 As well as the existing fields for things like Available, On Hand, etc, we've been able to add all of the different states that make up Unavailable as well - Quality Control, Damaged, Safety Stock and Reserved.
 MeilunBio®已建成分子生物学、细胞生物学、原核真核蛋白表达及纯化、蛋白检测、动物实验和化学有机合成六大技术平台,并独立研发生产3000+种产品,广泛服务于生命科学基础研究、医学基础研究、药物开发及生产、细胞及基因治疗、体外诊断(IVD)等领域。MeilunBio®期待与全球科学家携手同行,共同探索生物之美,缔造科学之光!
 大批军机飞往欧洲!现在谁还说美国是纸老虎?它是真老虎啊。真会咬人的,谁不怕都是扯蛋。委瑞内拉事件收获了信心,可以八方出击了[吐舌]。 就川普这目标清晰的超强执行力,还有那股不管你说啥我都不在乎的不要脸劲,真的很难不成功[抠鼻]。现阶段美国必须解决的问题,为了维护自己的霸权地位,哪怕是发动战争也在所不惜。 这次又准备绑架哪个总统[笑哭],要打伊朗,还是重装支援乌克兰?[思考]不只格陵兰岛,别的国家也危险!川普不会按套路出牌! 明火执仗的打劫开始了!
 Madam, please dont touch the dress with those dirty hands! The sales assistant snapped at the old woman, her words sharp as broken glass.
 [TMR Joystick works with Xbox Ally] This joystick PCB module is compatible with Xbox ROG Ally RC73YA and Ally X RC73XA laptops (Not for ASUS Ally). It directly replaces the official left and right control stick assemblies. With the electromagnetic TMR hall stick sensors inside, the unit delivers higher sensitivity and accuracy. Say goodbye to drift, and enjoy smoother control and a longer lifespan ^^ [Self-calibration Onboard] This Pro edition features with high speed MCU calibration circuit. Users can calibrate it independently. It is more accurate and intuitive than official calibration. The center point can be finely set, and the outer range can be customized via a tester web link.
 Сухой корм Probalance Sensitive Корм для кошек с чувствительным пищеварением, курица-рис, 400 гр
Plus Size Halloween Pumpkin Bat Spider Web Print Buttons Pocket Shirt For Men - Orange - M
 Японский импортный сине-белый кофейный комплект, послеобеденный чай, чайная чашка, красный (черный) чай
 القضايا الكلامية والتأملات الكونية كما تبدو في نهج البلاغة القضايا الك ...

PROMPT:
Transcribe the records above exactly, but only from the line that contains "Японский импортный сине-белый" through their final line, inclusive.

ANSWER TO THIS EXERCISE:
 Японский импортный сине-белый кофейный комплект, послеобеденный чай, чайная чашка, красный (черный) чай
 القضايا الكلامية والتأملات الكونية كما تبدو في نهج البلاغة القضايا الك ...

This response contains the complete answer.